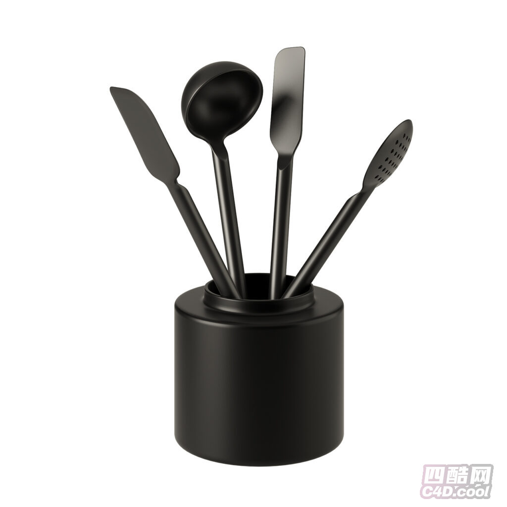 四酷网-Crate & Barrel黑色硅胶厨具 锅铲 刀具 勺子 3D模型
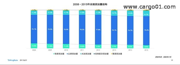 1)公路運輸占比最高,達到國內整體貨運量的75%
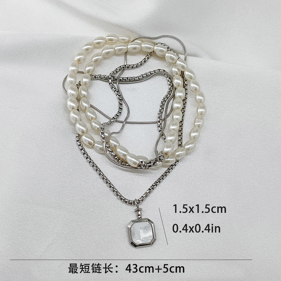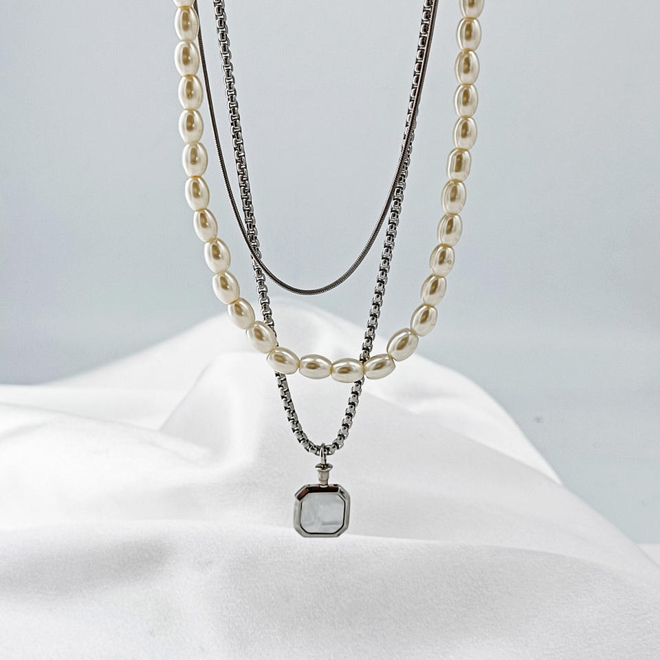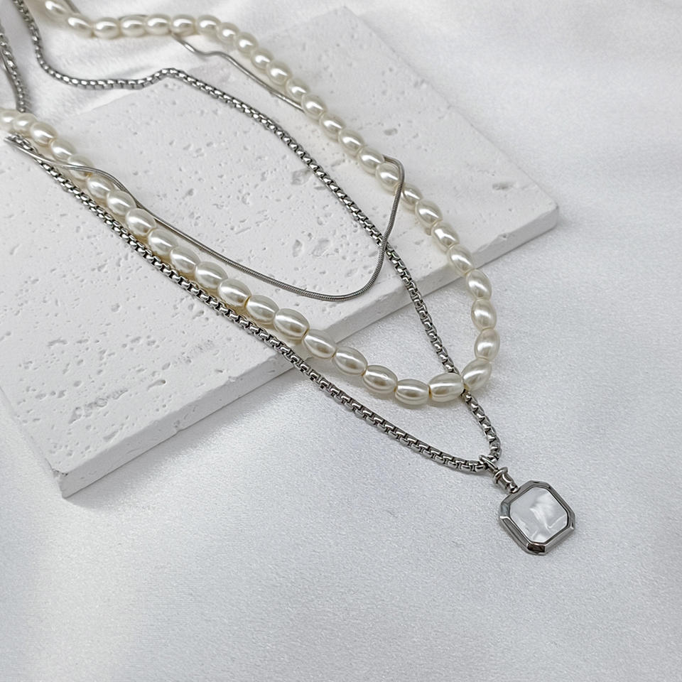 สร้อยคอสามชั้นประดับจี้ทรงสี่เหลี่ยมประดับมุกเทียมสไตล์ญี่ปุ่นเกาหลี ทำจากไทเทเนียมสตีล สำหรับผู้ชายและผู้หญิง

# Assignment
Start with the line that holds "1)公路運輸占比最高,達到國內整體貨運量的75%" and retype each line through the last one in the data, exactly and without pictures.

# Result of the task
 1)公路運輸占比最高,達到國內整體貨運量的75%
 สร้อยคอสามชั้นประดับจี้ทรงสี่เหลี่ยมประดับมุกเทียมสไตล์ญี่ปุ่นเกาหลี ทำจากไทเทเนียมสตีล สำหรับผู้ชายและผู้หญิง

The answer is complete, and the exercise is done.